I felt disappointed too, but I wanted Laura happy again. “Let’s go exploring.” She nodded again and hooked her camera strap across her body as we set off toward the Palace of “Born to Run” fame. An exceptionally seedy-looking motel stood on the corner of Kingsley and 2nd Avenue. Laura stopped and stared at it. I turned and looked at her while she worked out whatever she was thinking. Finally, a huge smile spread across her face. I turned and looked where she was looking. A battered sign read “The Flamingo Motel.”

“Do you see it?” Laura asked. I looked more carefully. It looked like the sign had fluorescent lights along the looping words once, but if they had been there, they were long gone now. Pink, fluorescent lights, I would assume, to go with the Flamingo part. She watched me expectantly, but I shrugged. I didn’t know what she wanted me to see.

“What if I said ‘Flamingo Lane’?” she asked, hinting. Flamingo Lane? A line from “Jungleland.” Off Born to Run. The two lovers “take a stab at romance” and vanish “down Flamingo Lane.”

“Oh!” I said as I realized what she was getting at. Flamingo Lane wasn’t a street. Disappearing there meant getting a room at this motel. It was one of the many things that both of us loved about Bruce. His songs were poetry. If you didn’t look deeper, Flamingo Lane could be a street somewhere. If you did, the story became a love affair, with the sax solo acting as the un-vocalized verse that represents the culmination of that passion in this little dive motel. But it doesn’t matter that it’s a dump, because to them, it’s beautiful; it’s not a motel anymore, it’s a whole world that they can disappear into.

Laura beamed at me. “That is just the coolest thing ever.” She took my hand and pulled me across the street. “We have to check this out!” But the Flamingo, like just about everything else in town, was closed. Laura’s smile faded quickly.

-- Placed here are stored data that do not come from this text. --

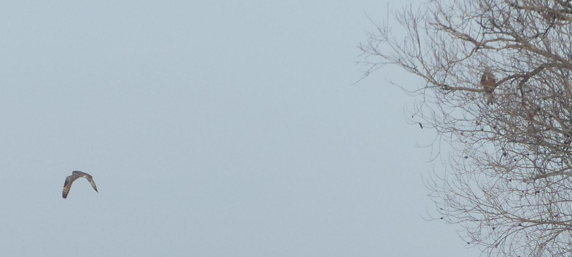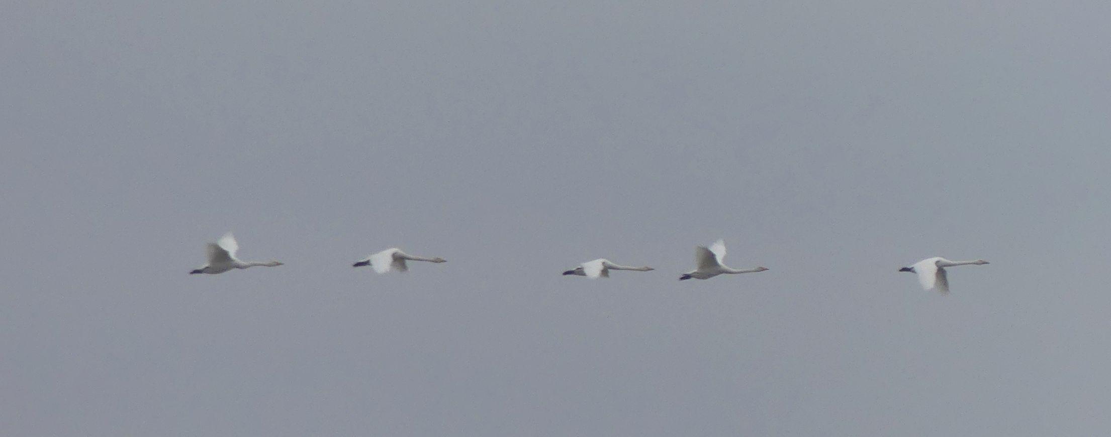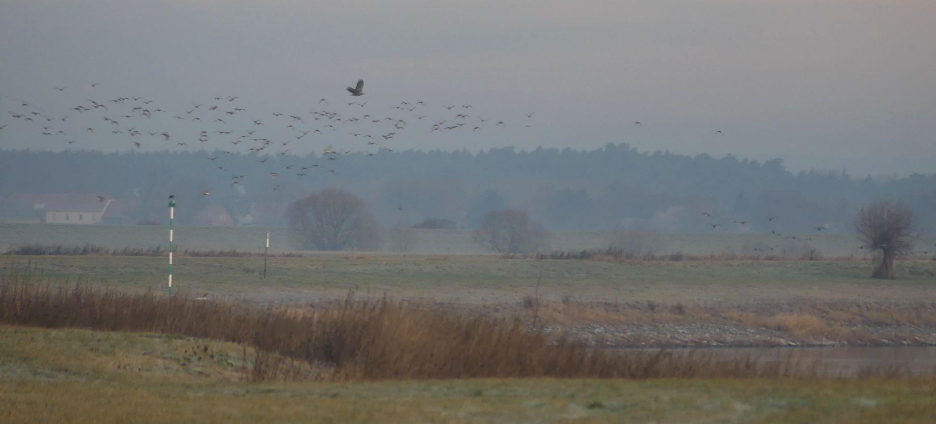 Wieder fiel der Sonnenaufgang aus, nach dem farbigen Vor-Leuchten zog es zu. Die ersten Singschwäne der Saison grüßten mit einem Liedchen und auch die Seeadler taten ihr Werk.
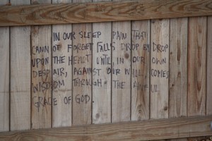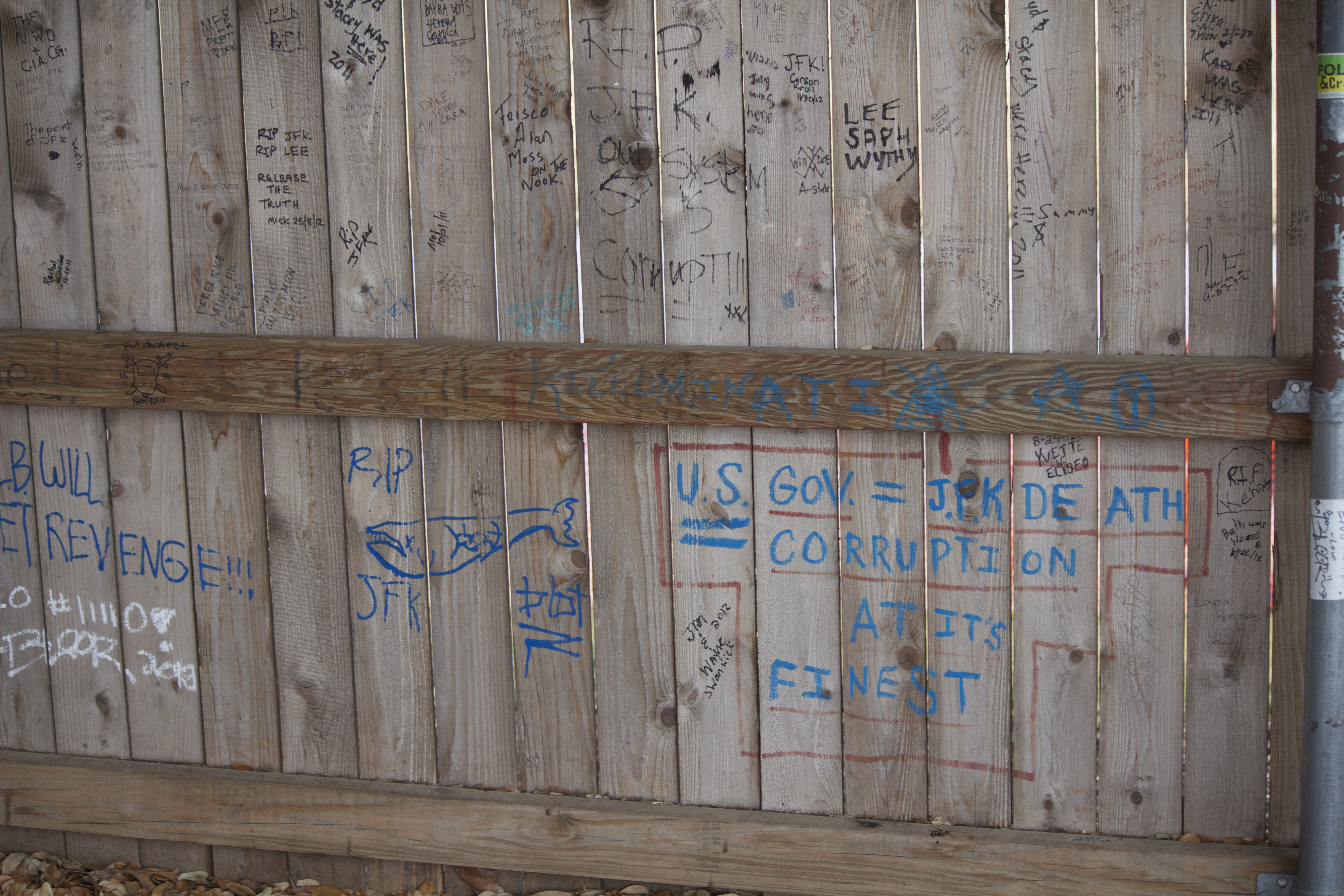Graffiti on the parking lot side of the Grassy Knoll fence.
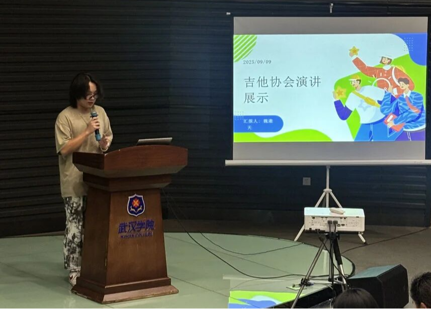 魏傲天提到了吉他协会一直致力于推广吉他文化,丰富同学们的课余生活。上一学期,协会成功举办了多场吉他演奏会和音乐交流活动,吸引了众多同学的参与。他还分享了协会在活动策划和组织方面的经验,在未来他希望可以有更多新的活力加入进来,并且可以和其他社团合作一起打造更加精彩纷呈的舞台表演。
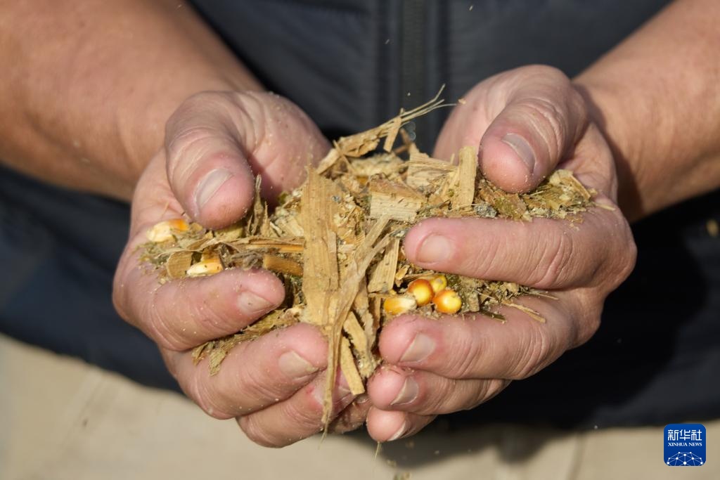 這是5月14日在阿根廷潘帕斯草原萊因迪亞納牧場拍攝的飼料。新華社記者 孟鼎博 攝
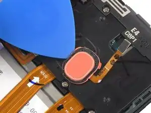 Используйте медиатор, чтобы поддеть и отсоединить датчик отпечатка пальца.
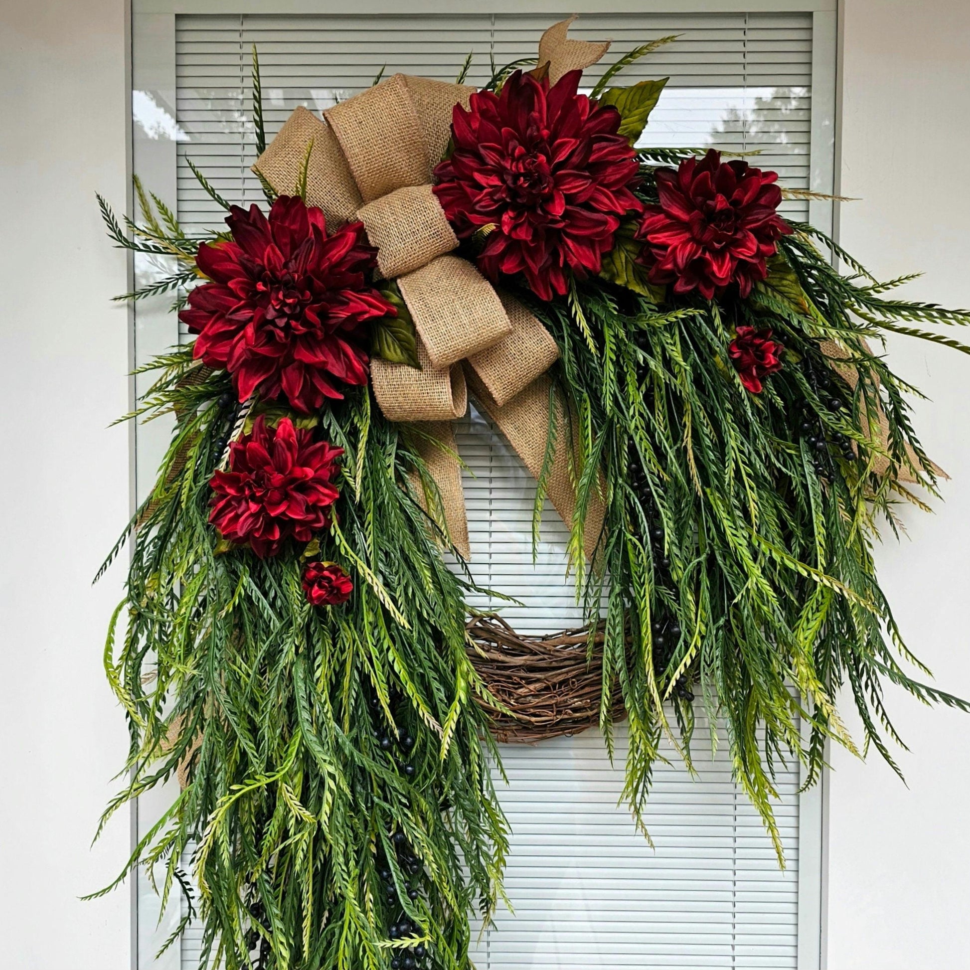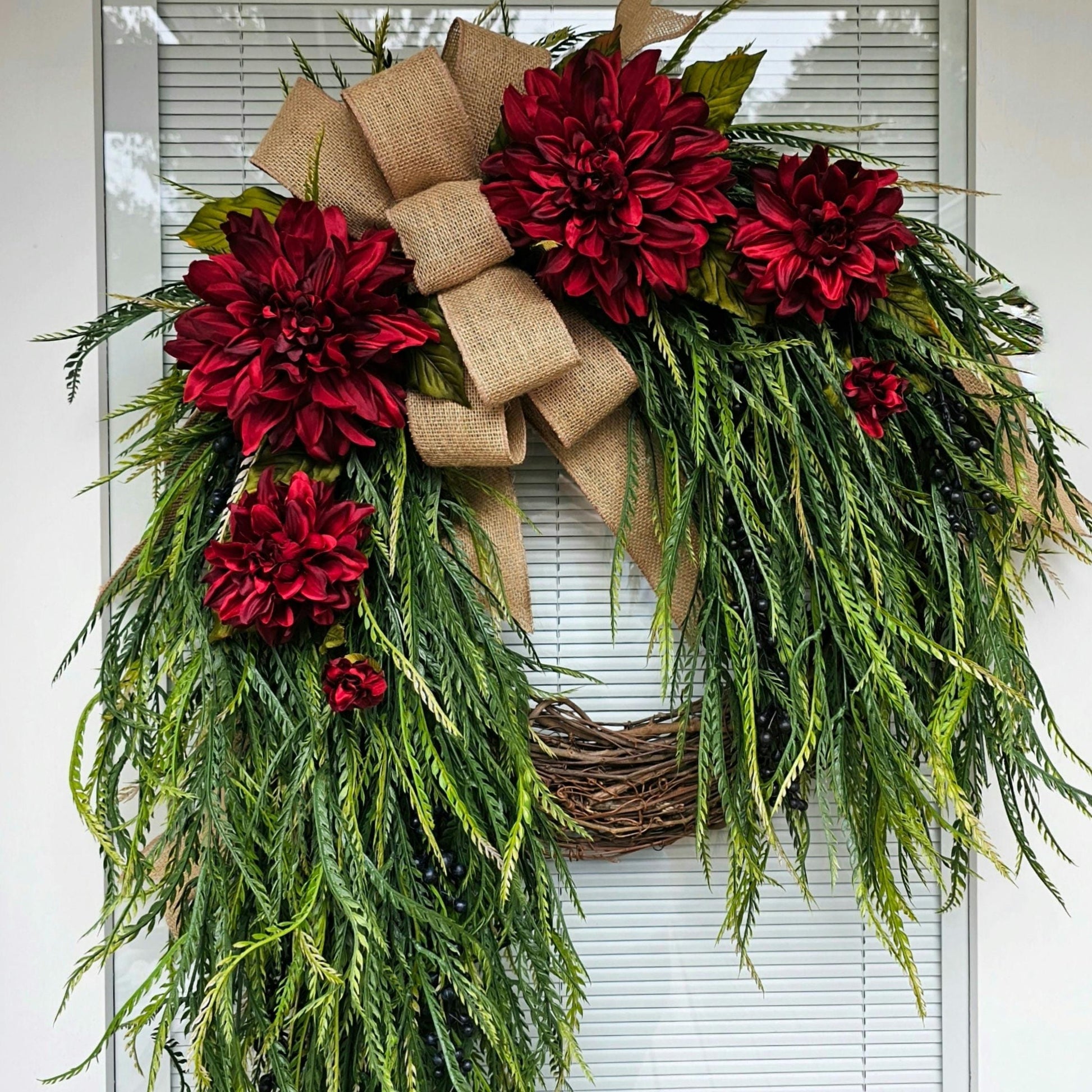 Make a statement with this stunning handcrafted wreath featuring vibrant, deep red florals and a charming burlap bow, perfect for adding a touch of rustic elegance to your home. This versatile wreath, set on a grapevine base, is ideal for year-round display, complementing seasonal decor for spring, summer, fall, and even the holiday season. Whether you're looking to enhance your front door, porch, or interior space, this wreath's timeless design is sure to impress.
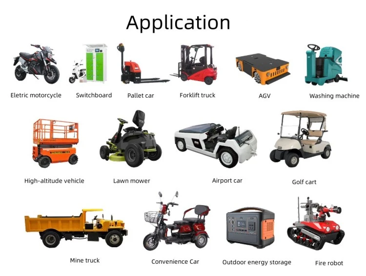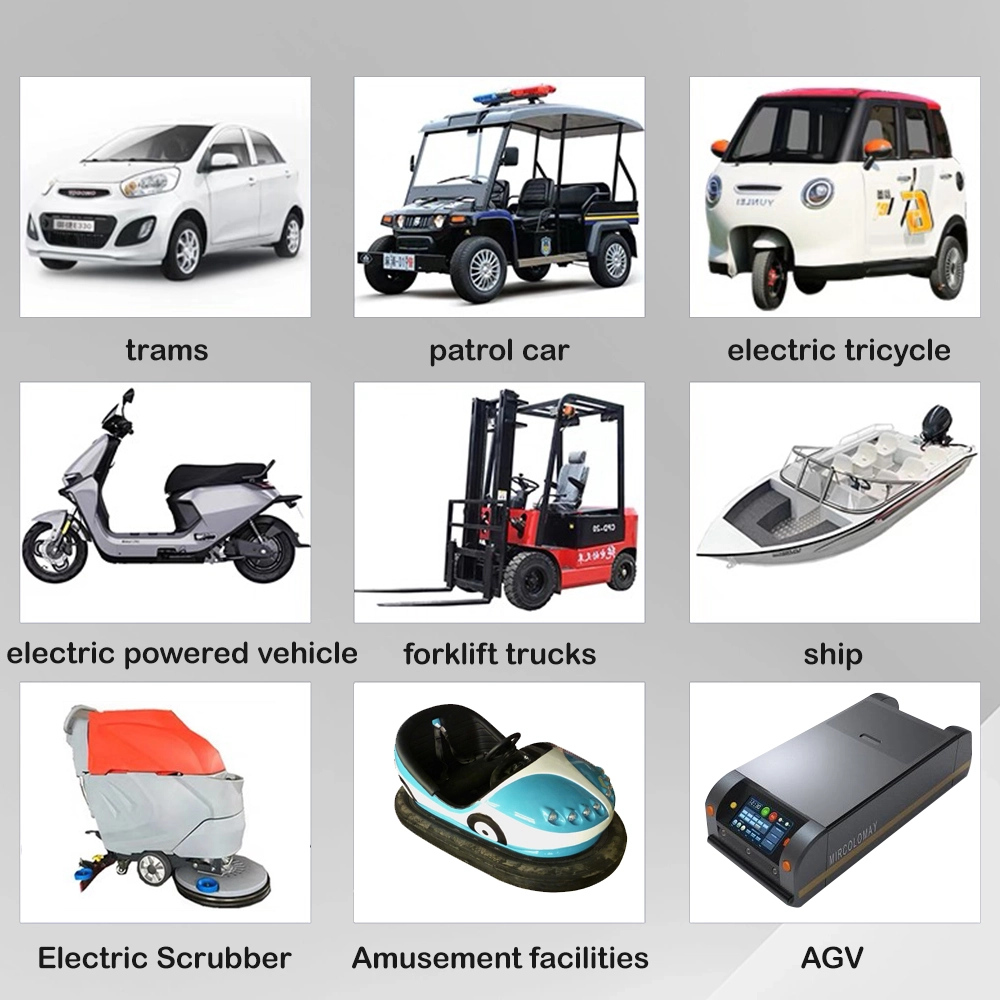 Applications du produit Autos tamponneuses électriques et manèges Véhicules touristiques et voiturettes de golf Véhicules de patrouille et chariots de sécurité Chariots élévateurs et matériel de manutention Autolaveuses et machines de nettoyage Véhicules à guidage automatique (AGV) pour entrepôts Navires, bateaux et navires utilitaires électriques

I did have an ace up my sleeve, even though I hadn’t expected to have to play it that soon. I leaned down to whisper into her ear. “We’re less than a couple hundred feet from where Bruce will probably be tonight.” She smiled again and turned back to face me. She looked at me for just a second too long, her face a little too close to mine. I hesitated. She pulled back, kissed me noisily on the cheek, then turned away to walk down Kingsley toward the Palace. If she had stayed a second longer, would I have had the nerve to kiss her? Would she have let me? Doubtful, but I couldn’t help but wonder. She was halfway down the block before I realized I had better catch up. Maybe she would have let me kiss her. But there were still no guarantees that she would wait for me when anything involving Bruce was at stake.

The Palace, once one of the largest arcades in the country, was hardly more inviting than the Flamingo had been, as it was closed down in 1988. It was hard to believe, but it had gone way downhill since Bruce shot his video for “Tunnel of Love” there. A chain link fence surrounded the building, keeping vandals and teenagers out. There was barely even any graffiti on the peeling, faded paint; almost as if Asbury Park was so deserted that there weren’t even enough people there to vandalize an abandoned building. Instead, only the weather desecrated this once unmistakable landmark of the Jersey shore. Even the words on the street sign at the corner were faded and missing a letter. We walked around the side of the long-since empty building, reading the attractions advertised on the side in reverent silence. Laura stood in the middle of the road to take pictures without even needing to worry about traffic. The only moving car that we saw since arriving in town passed us as we walked down Kingsley toward the lake that separated Asbury Park from Ocean Grove, which was an entirely different universe. Ocean Grove was populated. Booming. Rich. Alive. Yet one block away, Asbury Park was as decimated as if a bomb had been dropped on it. We both turned to look at the car as it passed. It was the first sign of life that we had seen.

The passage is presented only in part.